CAVE-based Authentication (a.k.a. HLR Authentication, 2G Authentication, Access Authentication) is an access authentication protocol used in CDMA/1xRTT computer network systems.

CAVE (Cellular Authentication and Voice Encryption)

There are two network entities involved in CAVE-based authentication when roaming:
Authentication Center (AC) a.k.a. HLR/AC, AuC – Located in a roamer’s home network, the AC controls the authentication process and either authenticates the Mobile Station (Mobile Phone, MS) or shares SSD with the serving VLR to allow this authentication to occur locally. The AC must be provisioned with an A-key value for each MS. Authentication is predicated on the assumption that A-key value provisioned in an MS is the same as the A-key value provisioned in the AC. The AC is often co-located with the HLR and referred to as the HLR/AC. However, the AC could be a standalone network entity that serves one or more HLRs. Though the CDMA abbreviation is AC, the GSM abbreviation of AuC is sometimes used (albeit incorrectly in CDMA networks).
Visitor Location Register (VLR) – If SSD is shared with the visited network, the VLR locally authenticates the roamer. Otherwise, the VLR proxies authentication responses from roamers to their home HLR/AC for authentication.

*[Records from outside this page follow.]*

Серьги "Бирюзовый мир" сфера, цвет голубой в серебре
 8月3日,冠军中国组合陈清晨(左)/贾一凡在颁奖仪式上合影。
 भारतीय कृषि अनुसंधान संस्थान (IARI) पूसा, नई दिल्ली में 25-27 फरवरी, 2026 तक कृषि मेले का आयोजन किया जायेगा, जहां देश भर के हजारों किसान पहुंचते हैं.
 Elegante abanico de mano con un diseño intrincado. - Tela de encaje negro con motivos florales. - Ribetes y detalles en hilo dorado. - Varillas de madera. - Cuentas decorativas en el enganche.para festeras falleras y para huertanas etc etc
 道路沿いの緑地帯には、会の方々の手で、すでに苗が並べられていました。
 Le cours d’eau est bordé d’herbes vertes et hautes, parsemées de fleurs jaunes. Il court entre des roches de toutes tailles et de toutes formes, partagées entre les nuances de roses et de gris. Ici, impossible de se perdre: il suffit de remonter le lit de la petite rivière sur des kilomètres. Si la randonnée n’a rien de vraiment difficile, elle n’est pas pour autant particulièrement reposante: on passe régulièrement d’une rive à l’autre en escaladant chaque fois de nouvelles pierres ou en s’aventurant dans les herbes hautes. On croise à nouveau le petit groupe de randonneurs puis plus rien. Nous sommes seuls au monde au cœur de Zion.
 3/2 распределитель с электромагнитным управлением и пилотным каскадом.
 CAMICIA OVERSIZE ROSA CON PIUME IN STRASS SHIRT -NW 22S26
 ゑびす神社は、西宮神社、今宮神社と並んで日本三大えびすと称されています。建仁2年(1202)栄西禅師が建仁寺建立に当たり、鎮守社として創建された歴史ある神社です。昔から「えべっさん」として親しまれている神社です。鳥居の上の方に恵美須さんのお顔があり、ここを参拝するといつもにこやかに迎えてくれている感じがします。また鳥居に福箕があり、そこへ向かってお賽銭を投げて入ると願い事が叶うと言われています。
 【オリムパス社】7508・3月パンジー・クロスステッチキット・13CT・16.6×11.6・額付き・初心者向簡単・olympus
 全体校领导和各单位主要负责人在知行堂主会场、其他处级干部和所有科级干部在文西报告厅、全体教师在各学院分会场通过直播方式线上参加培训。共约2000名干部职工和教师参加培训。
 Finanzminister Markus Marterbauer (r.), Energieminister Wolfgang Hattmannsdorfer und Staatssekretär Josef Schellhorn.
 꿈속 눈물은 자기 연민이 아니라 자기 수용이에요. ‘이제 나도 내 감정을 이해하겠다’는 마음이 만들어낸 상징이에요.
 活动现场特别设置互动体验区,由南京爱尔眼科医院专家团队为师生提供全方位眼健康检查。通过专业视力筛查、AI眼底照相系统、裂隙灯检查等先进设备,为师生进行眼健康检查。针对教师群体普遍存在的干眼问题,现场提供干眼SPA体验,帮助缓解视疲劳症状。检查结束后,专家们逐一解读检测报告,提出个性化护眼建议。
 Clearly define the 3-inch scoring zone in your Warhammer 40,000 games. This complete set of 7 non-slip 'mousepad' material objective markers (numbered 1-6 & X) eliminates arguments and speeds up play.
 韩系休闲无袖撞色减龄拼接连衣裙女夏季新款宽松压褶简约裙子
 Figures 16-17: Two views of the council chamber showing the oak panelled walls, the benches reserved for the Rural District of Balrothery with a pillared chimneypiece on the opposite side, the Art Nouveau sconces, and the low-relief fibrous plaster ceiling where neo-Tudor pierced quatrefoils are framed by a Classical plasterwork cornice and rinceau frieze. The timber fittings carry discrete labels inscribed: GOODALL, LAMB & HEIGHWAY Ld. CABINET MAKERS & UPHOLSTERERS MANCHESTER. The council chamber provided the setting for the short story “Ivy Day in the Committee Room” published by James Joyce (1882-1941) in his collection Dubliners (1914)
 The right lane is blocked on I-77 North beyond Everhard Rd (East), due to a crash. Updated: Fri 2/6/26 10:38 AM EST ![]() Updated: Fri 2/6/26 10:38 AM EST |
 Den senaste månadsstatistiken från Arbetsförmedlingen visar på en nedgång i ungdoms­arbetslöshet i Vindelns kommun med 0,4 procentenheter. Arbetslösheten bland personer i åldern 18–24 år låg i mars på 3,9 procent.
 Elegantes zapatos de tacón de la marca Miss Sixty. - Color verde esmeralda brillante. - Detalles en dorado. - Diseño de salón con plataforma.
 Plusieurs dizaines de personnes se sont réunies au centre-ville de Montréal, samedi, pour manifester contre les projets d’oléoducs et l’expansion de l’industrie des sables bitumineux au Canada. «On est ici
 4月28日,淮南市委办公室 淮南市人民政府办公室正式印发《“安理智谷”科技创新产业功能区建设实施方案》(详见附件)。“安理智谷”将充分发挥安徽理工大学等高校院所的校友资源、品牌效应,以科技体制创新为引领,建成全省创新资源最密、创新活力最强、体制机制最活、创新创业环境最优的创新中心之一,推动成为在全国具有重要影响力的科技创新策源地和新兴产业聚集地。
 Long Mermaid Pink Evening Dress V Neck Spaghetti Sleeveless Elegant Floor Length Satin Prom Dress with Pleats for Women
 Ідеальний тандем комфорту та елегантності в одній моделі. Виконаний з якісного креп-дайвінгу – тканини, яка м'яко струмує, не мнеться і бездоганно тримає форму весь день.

The authentication controller is the entity that determines whether the response from the MS is correct. Depending upon whether SSD is shared, the authentication controller may be either the AC or VLR. In either case, CAVE-based authentication is based on the CAVE algorithm and the following two shared keys:
Authentication key (A-key) – A 64-bit primary secret key known only to the MS and AC. In the case of RUIM equipped mobiles, the A-key is stored on the RUIM; otherwise, it is stored in semi-permanent memory on the MS. The A-key is never shared with roaming partners. However, it is used to generate a secondary key known as SSD that may be shared with a roaming partner to enable local authentication in the visited network.
Shared Secret Data (SSD) – A 128-bit secondary secret key that is calculated using the CAVE algorithm during an SSD Update procedure. During this procedure both MS and the AC in the user’s home network separately calculate SSD. It is this SSD, not the A-key that is used during authentication. SSD may or may not be shared between home and roaming partner networks to enable local authentication. SSD consists of two 64-bit keys: SSD_A, which is used during authentication to calculate authentication signatures, and SSD_B, which is used in the generation of session keys for encryption and voice privacy.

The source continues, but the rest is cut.